Sonrió con suficiencia, sin contestarme. Tranquila a ese respecto, continué.

-Debo suponer que estoy hablando con el misterioso Número Ocho. Me imagino que llevas siguiéndome desde Barcelona, como si te hubiera necesitado alguna vez para que me cuidas. Más bien ha sido al contrario en muchos casos, como bien recordarás. Y esto debe de ser alguna pequeña propiedad de las vuestras, ¿no? Pero hay demasiadas cosas que no entiendo. Por ejemplo, dijiste que a Jaume le preocupa más Guillaume que los rumores que le han llegado de que preparamos una especie de rebelión a nivel europeo. Necesito que me aclares esto.

Fue más contundente de lo que yo le conocía cuando concluyó:

-Después. Ahora necesitas descansar –se levantó y pretendía marcharse, pero yo le atrapé por una manga de su túnica.

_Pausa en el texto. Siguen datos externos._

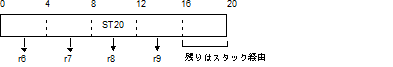 r6 は,ST20と連続した位置のメモリ上に配置する必要がないのでストアしません。

-Estás soñando si pretendes dejarme así con esta intriga y después de tanto tiempo –creo que mi mirada dura le obligó a volverse a sentar a mi lado. O, al menos, le convenció-. Hay muchos temas que deberías explicarme. Y otros muchos, sencillamente, que al menos deberías contarme. No sé cuántos meses hace desde la última vez que te vi, ni cómo ha sido tu vida antes de volver a las tierras de la Corona de Aragón; no tengo la más mínima idea.

Él me miró con su habitual mirada dulce, algo paternal.

-Es una historia demasiada larga. Larga, triste e increíble.

-Por eso mismo necesito saberla –aduje-. ¿Cómo podría entenderte, ayudarte, si no? Maldita sea. La culpa la tienes tú, tú y tú solito. Nos iba muy bien, formábamos un buen equipo, como esta noche mismo hemos demostrado. Y me dejaste por esos aburridos fanáticos y por tu absurda persecución de reliquias, o de lo que sea. Símbolos, más símbolos de los que atan las voluntades de las personas. Como cuando en la España del siglo XXI matan toros por la sacrosanta unidad del país. Nunca lo entenderé. ¿Por qué? Habías renunciado a tus votos. ¿O tal vez nunca lo hiciste? ¿O fuiste siempre un espía, siempre un traidor, buscando aprovecharte de mí de una manera que aún no alcanzo a descifrar, a la mayor gloria, poder y riqueza de tu orden. No me lo explicaste la última vez que te vi. Y necesito saberlo.

Él no me respondió. Sentí que el sueño me vencía.

El mañana sobrevino entre brumas cuando me desperté, sola, en la habitación. Pude incorporarme sin dolor pero con una sensación de vacío que me ahogaba, y a la luz de la luz otoñal que entraba por la ventana, pintada de dorado, vi que la puerta se abría, y Joana, mi amiga la herrera, entró por ella.

  -Recibí el aviso de un mensajero de esta casa en que me avisaba de que te hallabas herida y me apresuré a venir –me dijo, después de darme un abrazo- y he venido lo más rápido que he podido, sin pararme ni a descansar. Me alegro de verte bien, estaba muy asustada. Por cierto, Isabel te manda recuerdos, no ha podido dejar su taberna. Y también traigo una carta para ti que me dio el mismo misterioso mensajero.

En el lacre destacaba un sello con un enorme número ocho.